One year follow-up after cryoballoon isolation of the pulmonary veins in patients with paroxysmal atrial fibrillation

Yves Van Belle 1,*, Petter Janse 1, Dominic Theuns 1, Tamas Szili-Torok 1, Luc Jordaens 1
PMCID: PMC2573029  PMID: 18955409

Abstract

Aims

Pulmonary vein isolation (PVI) with cryoenergy delivered through a balloon is a new approach in the treatment of atrial fibrillation (AF), but long-term follow-up is lacking. The aim of this study was to provide insight in the success rate and the incidence of recurrences.

Methods and results

Patients with symptomatic AF despite anti-arrhythmic drugs (AADs) were treated with cryoballoon PVI. Daily transtelephonic ECG monitoring, 24 h Holter-ECG, and an arrhythmia-focused questionnaire were used to document AF. One hundred and forty-one patients completed a follow-up of 457 ± 252 days. Before ablation, Holter-ECG showed AF in 45%, including 16% continuous AF throughout the recording. Event recording revealed a median AF burden of 26%. The questionnaire showed a median of weekly AF complaints lasting for hours. All but one patient had successful PVI with a single procedure. After ablation, AF (defined as lasting for more than 30 s) was seen in 11% of Holter-ECGs, with 1% continuous AF. The event recording showed an AF burden of 9%. The median patient reported no more AF-related symptoms. Recurrence during the first 3 months was predictive for later recurrence. A second procedure was performed in 24 patients. The freedom of AF was 59% without AADs after 1,2 procedures. Four right phrenic nerve paralyses occurred, all resolving within 6 months. No PV stenoses were observed.

Conclusion

Pulmonary vein isolation with a cryothermal balloon is an effective treatment for paroxysmal AF, resulting in a clinical success rate comparable to studies involving radiofrequency ablation. Temporary right phrenic nerve paralysis is the most important complication.
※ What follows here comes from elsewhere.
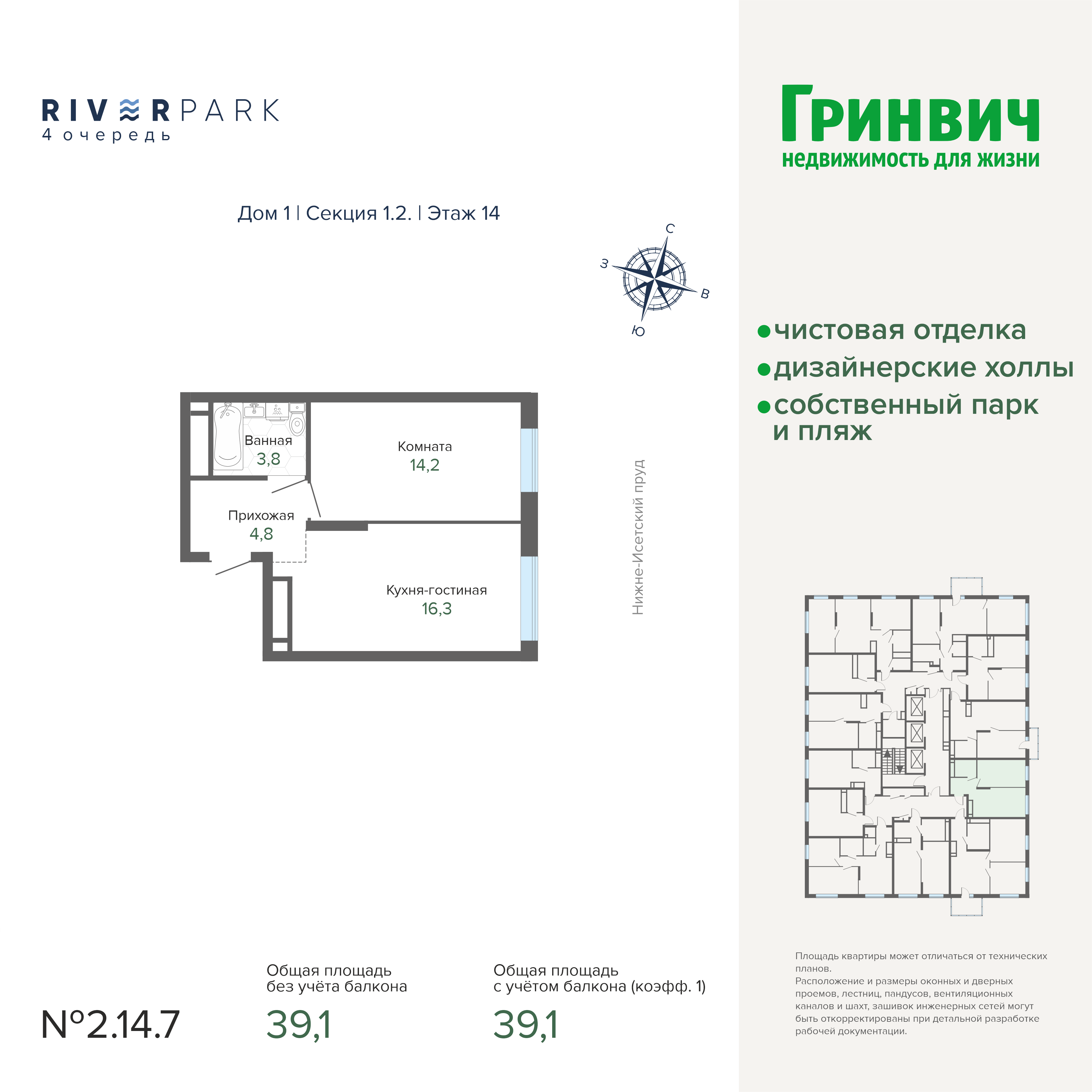 1-к квартира | 42.20 м² | 16 - 16 эт.

Keywords: Ablation, Atrial fibrillation, Cryoablation, Cryoballoon, Follow-up

Introduction

Pulmonary vein isolation (PVI) has become an important treatment for patients with atrial fibrillation (AF). Reports that show more than 80% freedom of paroxysmal AF during long-term follow-up have been published.1 A large number of different approaches and techniques are currently routinely employed to achieve that goal, but the procedure remains technically challenging. The development of balloon cryoablation has recently proven to be safe and effective for PVI in animals25 and humans.6 While greatly simplifying the technical ablation aspects and showing 60% freedom of AF after a 3-month follow-up period, long-term results remained to be studied. The scope of our study is to report recurrences of AF during the first year and complications after a cryoballoon PVI, using a wide array of follow-up modalities.

Methods

Inclusion

Between August 2005 and August 2007, a cryothermal balloon approach was used for all consecutive patients who were selected for circumferential PVI because of paroxysmal AF. All patients signed an informed consent. Inclusion criteria for ablation were symptomatic paroxysmal AF without major structural heart disease (normal left ventricular ejection fraction, no or only minor mitral insufficiency, normal to slightly enlarged left atrial diameter, assessed in the long parasternal axis). None of the patients had previously been ablated in the left atrium, and all of them had episodes of AF despite concomitant anti-arrhythmic drug (AAD) treatment.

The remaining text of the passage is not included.